§ **What is expected**
Your copy should match the listing below word for word, with no images in it.

§ **Exercise input**
--- --- ---
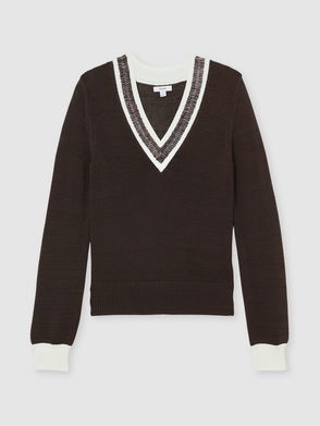 Bead-Detail V-Neck Knitted Jumper In Chocolate Brown
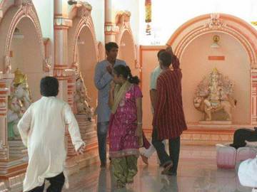 "We have done it''. All smiles and a happy picture after correctly identifying all the 16 Ganesha's murthi names in the temple.
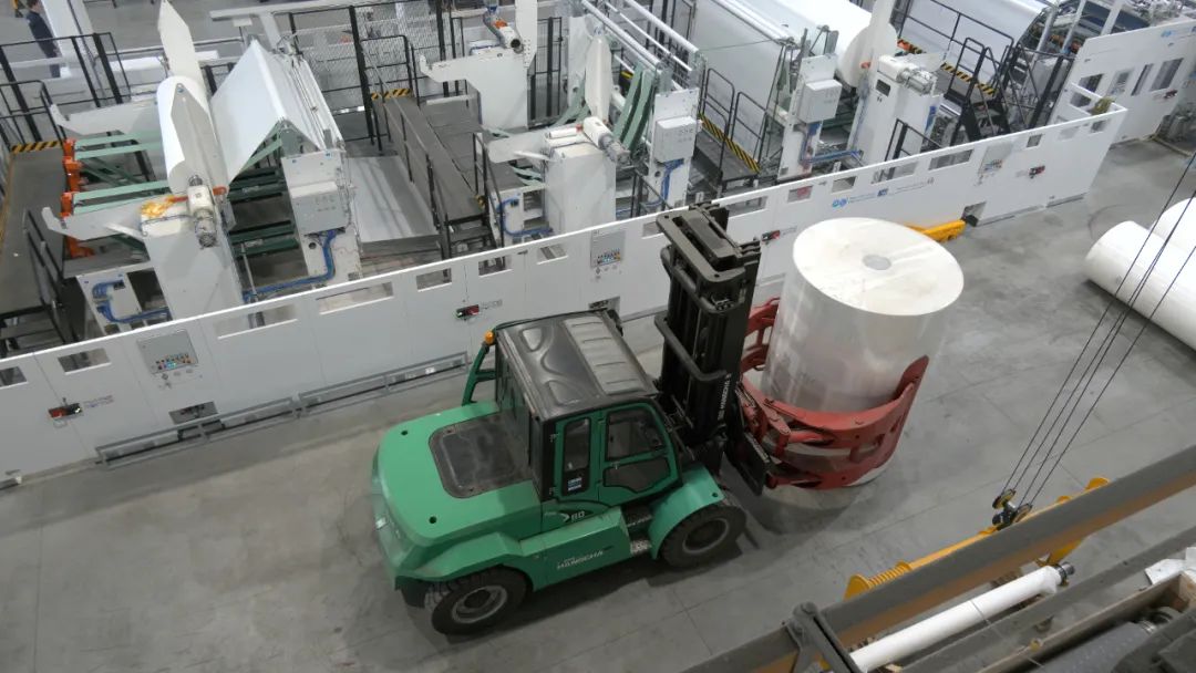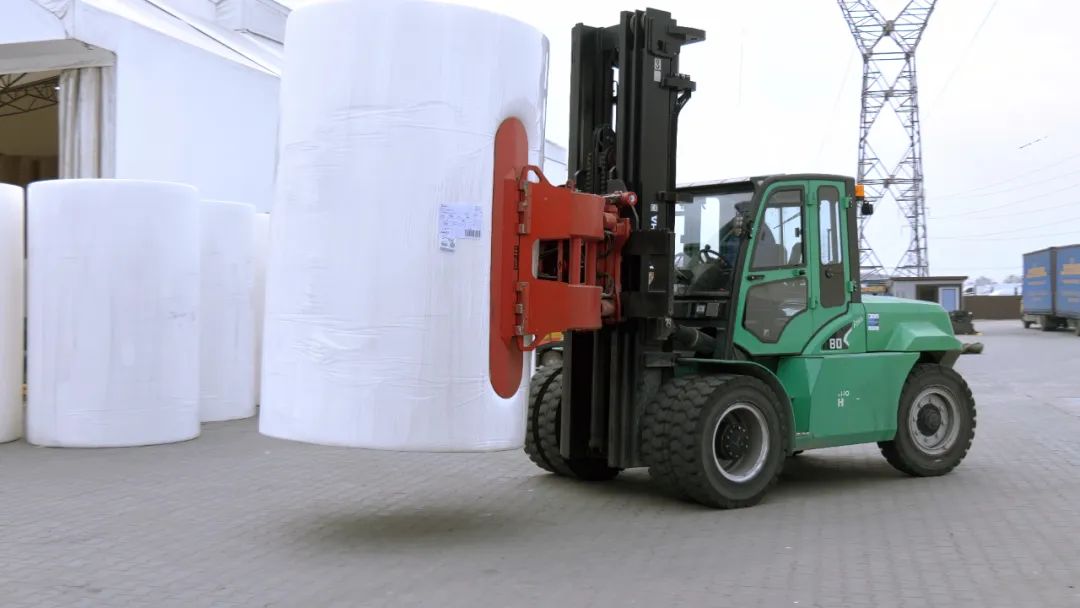 纸卷超重:单卷纸材重量可达1-3.5吨,对叉车承载稳定性要求极高; 空间限制:仓库与生产线通道狭窄,设备需灵活转向; 环保刚需:造纸车间环境敏感,零排放、低噪音成硬指标。
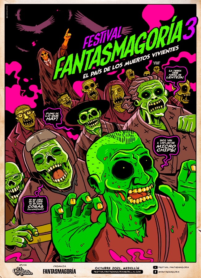 Fantasmagoría: Festival de Cine Fantástico y de Terror de Medellín surgió en 2018 como una iniciativa de un grupo de cinco amigos y aficionados al terror con la intención de traer a la ciudad un espacio que permita el acercamiento del público al cine de género. La propuesta es derrumbar los estereotipos, el rechazo hacia el terror, y que se aprecie, más allá del cine comercial, todo el espectro y el gran universo de posibilidades que ofrecen este tipo de producciones. La exploración no se propone solamente a partir del cine, sino por medio también de otras manifestaciones culturales como la literatura, la ilustración y las artes plásticas.
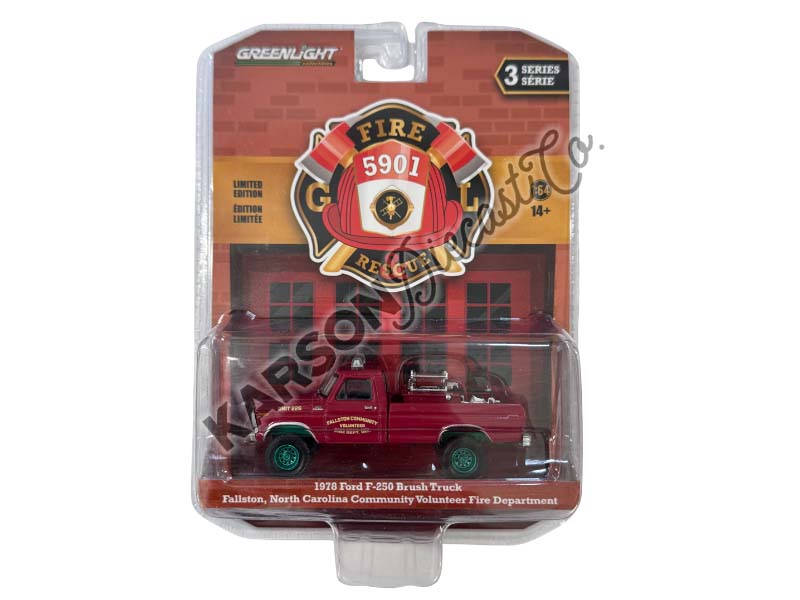 CHASE 1978 Ford F-250 Brush Truck - Fallston Community Fire Department Unit 226 (Fire & Rescue Series 3) Diecast 1:64 Scale Model - Greenlight 67030C
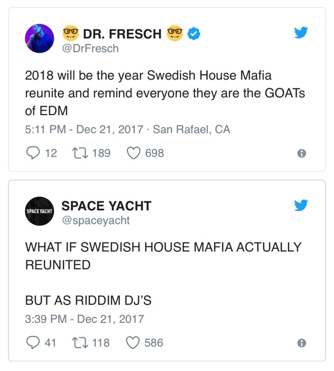 The rumors are further fueled by Steve Angello recently following Axwell and Sebastian Ingrosso on Instagram, and the release of Ultra Music Festival’s Miami 2018 lineup, which boasts Axwell & Ingrosso as a headliner for the 20th year anniversary edition. The festival’s flyer also instructs fans to “expect the unexpected” and hints at “special anniversary performances.”
--- --- ---
§ **Result of this task**
 Bead-Detail V-Neck Knitted Jumper In Chocolate Brown
 "We have done it''. All smiles and a happy picture after correctly identifying all the 16 Ganesha's murthi names in the temple.
 纸卷超重:单卷纸材重量可达1-3.5吨,对叉车承载稳定性要求极高; 空间限制:仓库与生产线通道狭窄,设备需灵活转向; 环保刚需:造纸车间环境敏感,零排放、低噪音成硬指标。
 Fantasmagoría: Festival de Cine Fantástico y de Terror de Medellín surgió en 2018 como una iniciativa de un grupo de cinco amigos y aficionados al terror con la intención de traer a la ciudad un espacio que permita el acercamiento del público al cine de género. La propuesta es derrumbar los estereotipos, el rechazo hacia el terror, y que se aprecie, más allá del cine comercial, todo el espectro y el gran universo de posibilidades que ofrecen este tipo de producciones. La exploración no se propone solamente a partir del cine, sino por medio también de otras manifestaciones culturales como la literatura, la ilustración y las artes plásticas.
 CHASE 1978 Ford F-250 Brush Truck - Fallston Community Fire Department Unit 226 (Fire & Rescue Series 3) Diecast 1:64 Scale Model - Greenlight 67030C
 The rumors are further fueled by Steve Angello recently following Axwell and Sebastian Ingrosso on Instagram, and the release of Ultra Music Festival’s Miami 2018 lineup, which boasts Axwell & Ingrosso as a headliner for the 20th year anniversary edition. The festival’s flyer also instructs fans to “expect the unexpected” and hints at “special anniversary performances.”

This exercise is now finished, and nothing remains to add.